# [WHAT IS NEEDED]
Using only the entries below, output the lines starting at the one containing "Alphanumeric Characters Generator." and ending at the one containing "EAGLE WING DESIGN: The", exactly and inclusive of both, omitting the pictures.

# [SOURCE MATERIAL]

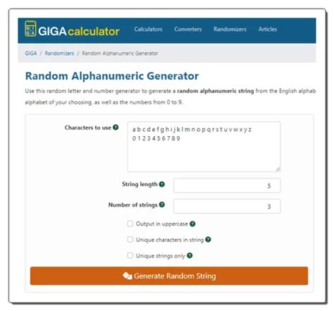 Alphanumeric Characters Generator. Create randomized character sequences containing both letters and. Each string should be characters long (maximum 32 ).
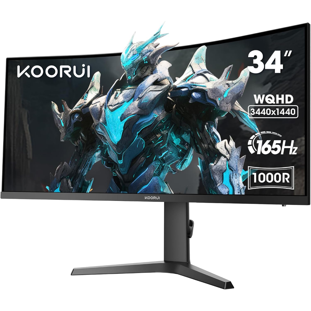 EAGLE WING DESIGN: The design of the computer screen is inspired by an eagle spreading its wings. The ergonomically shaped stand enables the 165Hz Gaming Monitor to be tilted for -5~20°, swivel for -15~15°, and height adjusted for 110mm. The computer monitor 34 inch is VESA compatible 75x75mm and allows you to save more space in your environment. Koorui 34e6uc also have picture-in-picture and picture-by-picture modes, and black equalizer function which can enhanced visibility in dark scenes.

...

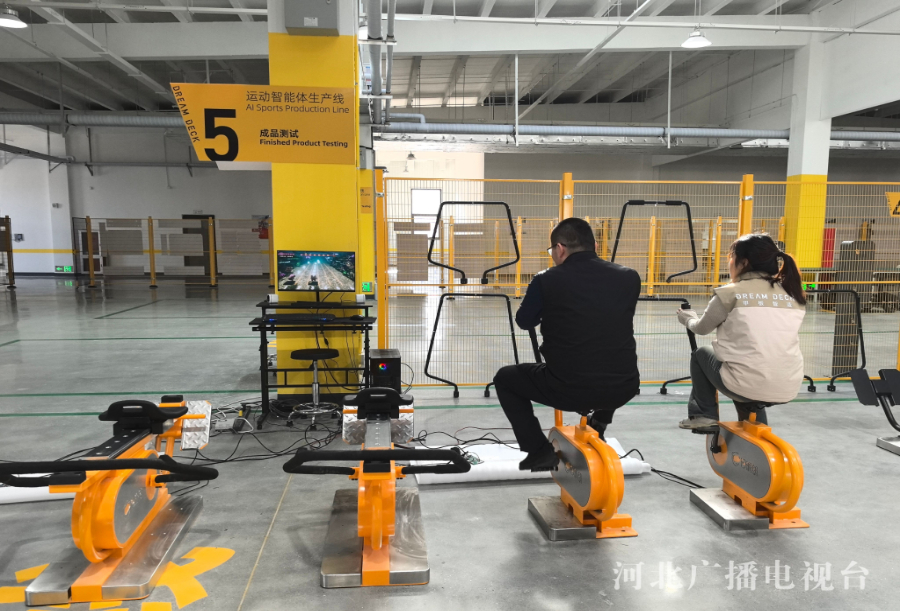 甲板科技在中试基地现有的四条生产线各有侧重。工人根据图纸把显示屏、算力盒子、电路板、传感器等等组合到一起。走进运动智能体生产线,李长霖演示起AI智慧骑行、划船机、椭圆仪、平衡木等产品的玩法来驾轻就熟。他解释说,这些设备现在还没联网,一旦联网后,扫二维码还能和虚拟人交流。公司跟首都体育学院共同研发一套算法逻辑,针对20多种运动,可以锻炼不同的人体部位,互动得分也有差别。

# [EXERCISE RESULT]
 Alphanumeric Characters Generator. Create randomized character sequences containing both letters and. Each string should be characters long (maximum 32 ).
 EAGLE WING DESIGN: The design of the computer screen is inspired by an eagle spreading its wings. The ergonomically shaped stand enables the 165Hz Gaming Monitor to be tilted for -5~20°, swivel for -15~15°, and height adjusted for 110mm. The computer monitor 34 inch is VESA compatible 75x75mm and allows you to save more space in your environment. Koorui 34e6uc also have picture-in-picture and picture-by-picture modes, and black equalizer function which can enhanced visibility in dark scenes.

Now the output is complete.